▸ **TASK**: In the material below, pictures must be dropped. Repeat exactly, and only, the lines from the line with "Second Lower Feeder PCCP Relining" to the line with "AR EXPRESS CARD 7129E", both ends included.

▸ **SUPPLIED MATERIAL**:
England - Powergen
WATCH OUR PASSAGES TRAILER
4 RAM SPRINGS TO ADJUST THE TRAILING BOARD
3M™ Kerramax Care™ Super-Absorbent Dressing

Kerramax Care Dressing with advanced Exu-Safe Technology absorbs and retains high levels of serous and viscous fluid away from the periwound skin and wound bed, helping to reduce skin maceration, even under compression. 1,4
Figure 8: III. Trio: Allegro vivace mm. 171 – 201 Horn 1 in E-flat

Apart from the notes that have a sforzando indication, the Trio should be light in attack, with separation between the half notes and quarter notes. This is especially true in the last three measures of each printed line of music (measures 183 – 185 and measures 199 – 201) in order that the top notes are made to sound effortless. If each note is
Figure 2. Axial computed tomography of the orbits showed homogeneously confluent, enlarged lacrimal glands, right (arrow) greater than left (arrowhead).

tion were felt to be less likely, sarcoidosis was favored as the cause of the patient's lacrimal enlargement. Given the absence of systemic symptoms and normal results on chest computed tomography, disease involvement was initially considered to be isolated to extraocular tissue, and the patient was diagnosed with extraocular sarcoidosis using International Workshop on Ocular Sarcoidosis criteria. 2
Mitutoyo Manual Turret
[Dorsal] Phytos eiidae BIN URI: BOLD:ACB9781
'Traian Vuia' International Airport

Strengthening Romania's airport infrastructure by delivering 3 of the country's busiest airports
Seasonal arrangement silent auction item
==
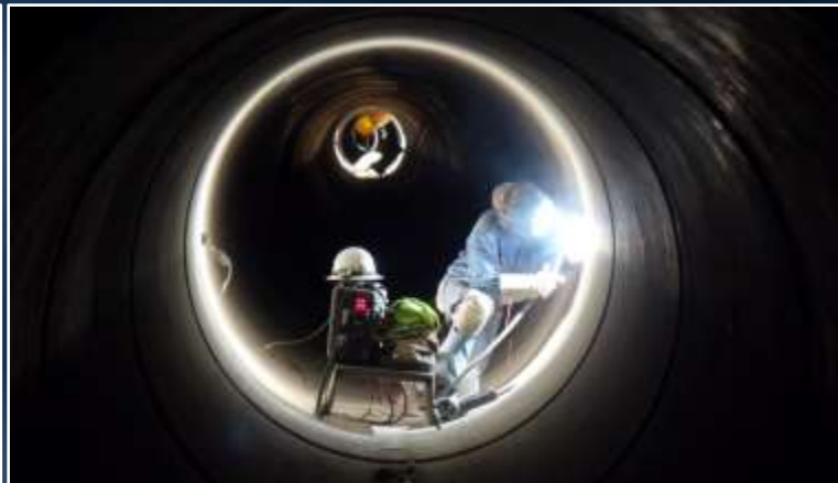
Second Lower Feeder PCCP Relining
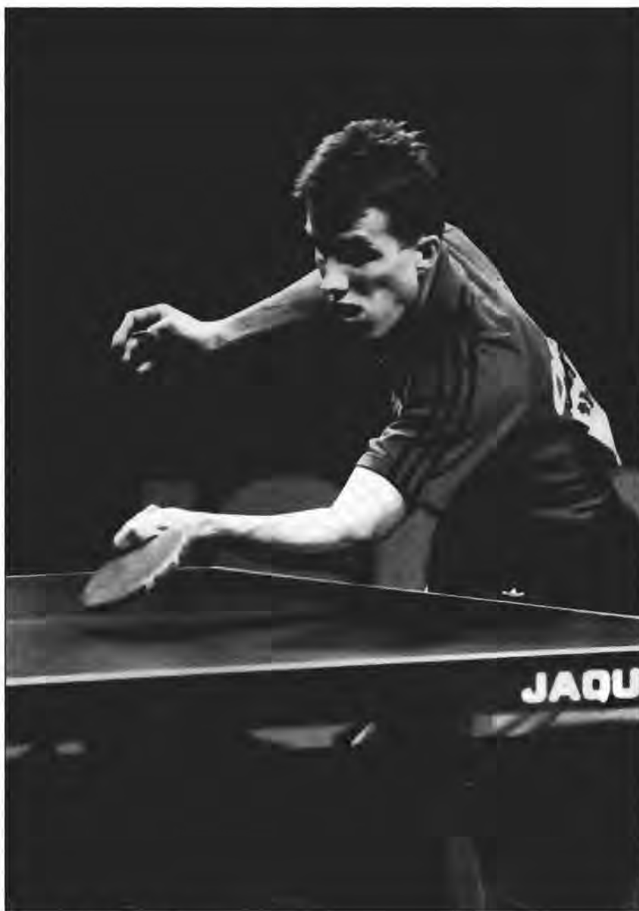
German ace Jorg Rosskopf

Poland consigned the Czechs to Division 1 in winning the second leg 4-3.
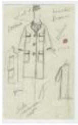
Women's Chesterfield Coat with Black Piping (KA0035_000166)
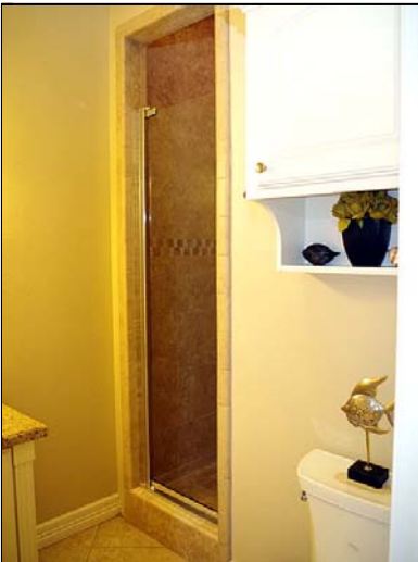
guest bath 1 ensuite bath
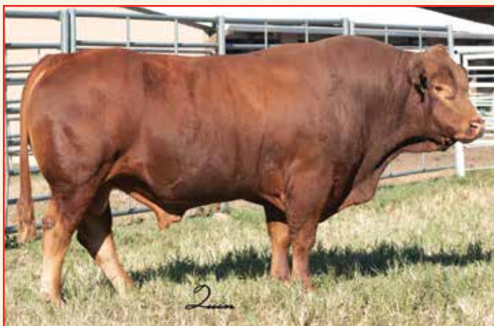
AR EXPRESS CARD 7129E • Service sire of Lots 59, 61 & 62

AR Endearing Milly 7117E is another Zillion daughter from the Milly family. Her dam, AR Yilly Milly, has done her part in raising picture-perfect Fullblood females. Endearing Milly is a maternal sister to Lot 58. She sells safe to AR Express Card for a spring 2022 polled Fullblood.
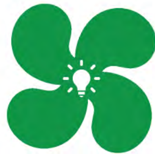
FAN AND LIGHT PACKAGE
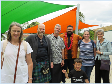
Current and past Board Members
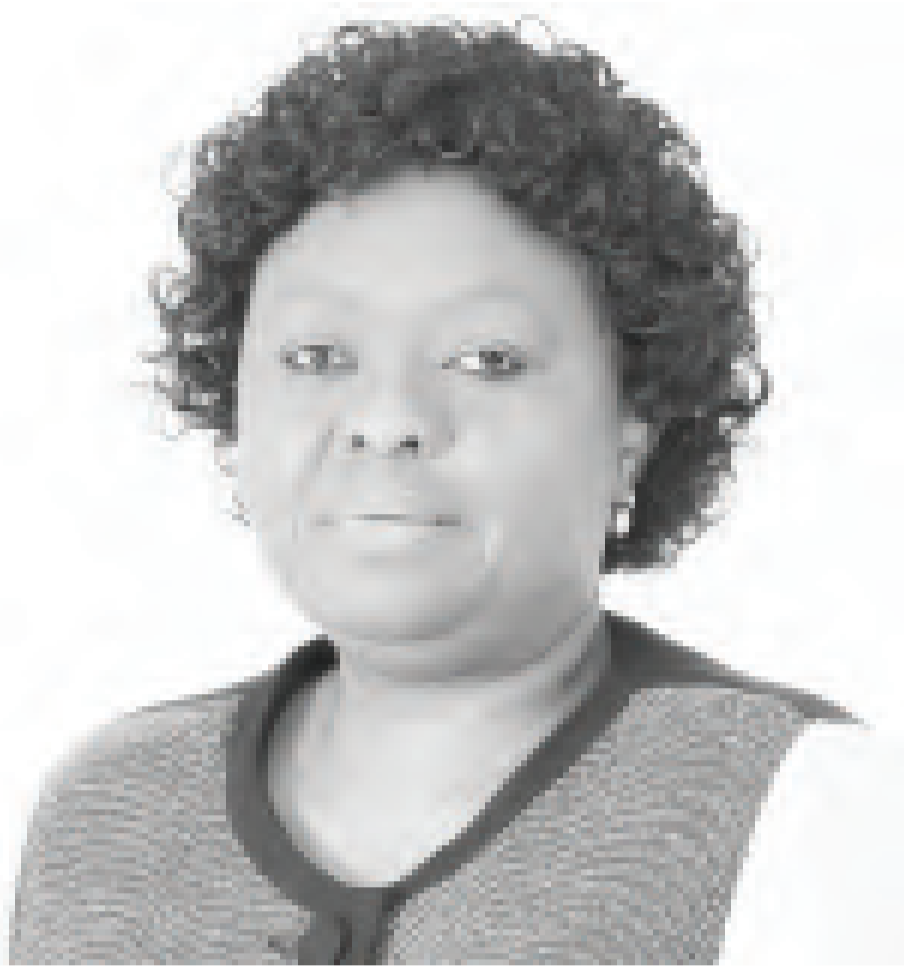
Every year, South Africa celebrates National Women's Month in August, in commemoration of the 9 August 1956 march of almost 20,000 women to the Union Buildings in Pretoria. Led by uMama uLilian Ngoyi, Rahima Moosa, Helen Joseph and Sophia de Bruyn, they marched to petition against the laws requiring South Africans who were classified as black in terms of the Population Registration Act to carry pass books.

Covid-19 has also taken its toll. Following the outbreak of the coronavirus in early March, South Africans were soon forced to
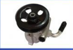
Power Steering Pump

▸ **EXERCISE RESULT**:
Second Lower Feeder PCCP Relining
German ace Jorg Rosskopf

Poland consigned the Czechs to Division 1 in winning the second leg 4-3.
Women's Chesterfield Coat with Black Piping (KA0035_000166)
guest bath 1 ensuite bath
AR EXPRESS CARD 7129E • Service sire of Lots 59, 61 & 62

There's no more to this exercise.